_DATASET EXCERPT_.
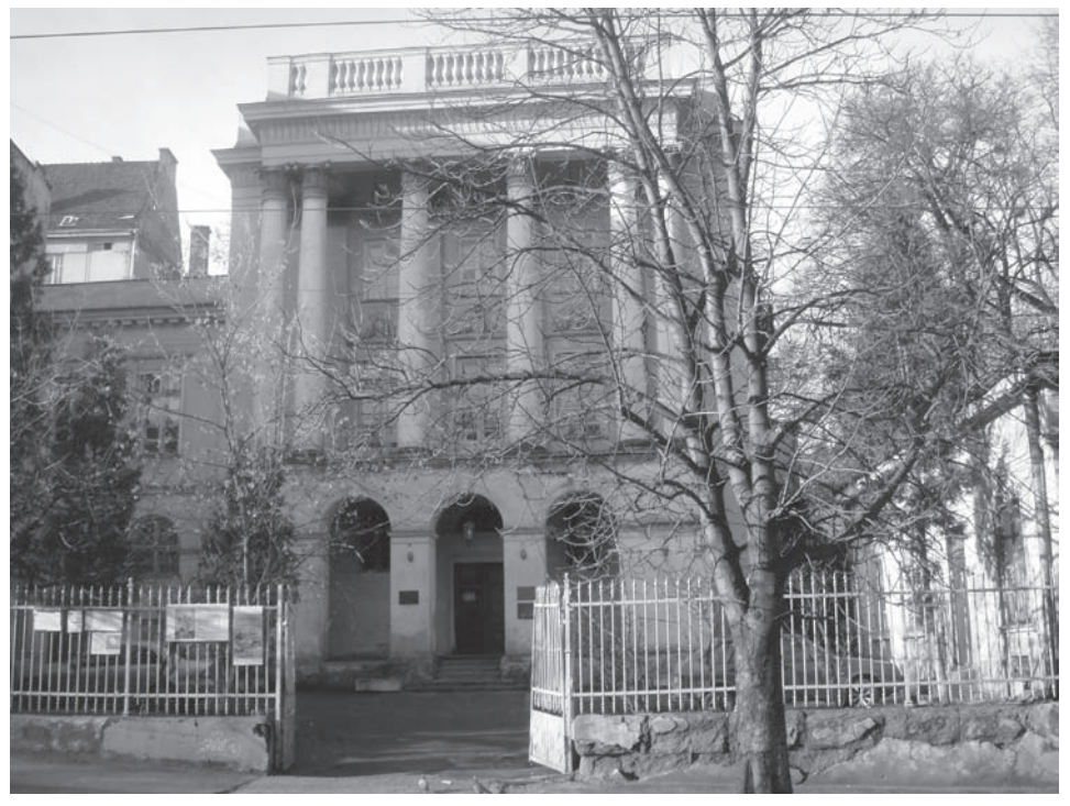
Fig. 8. Lviv, Palace of Belsky family.
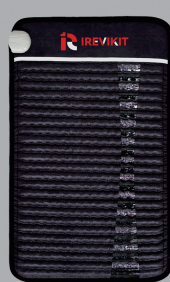
Small Size 31" x 20" 80cm x 50cm
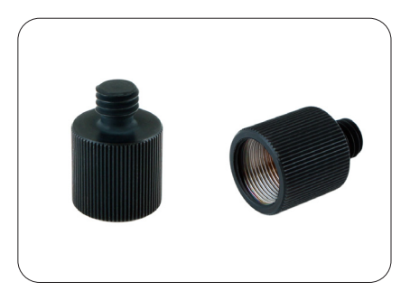
STAND ADAPTOR | PAGE: 9
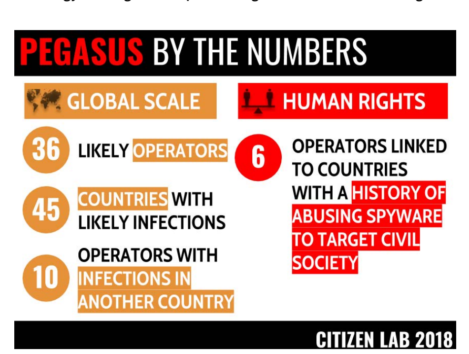
Figure 1: Scope, scale, and context of Pegasus as identified in this report.

_PROBLEM REQUIREMENTS_. Your task is to repeat exactly the lines from the one containing "STAND ADAPTOR | PAGE: 9" through the end of the material, both included, and only those, without pictures.

_COMPLETED TASK_.
STAND ADAPTOR | PAGE: 9
Figure 1: Scope, scale, and context of Pegasus as identified in this report.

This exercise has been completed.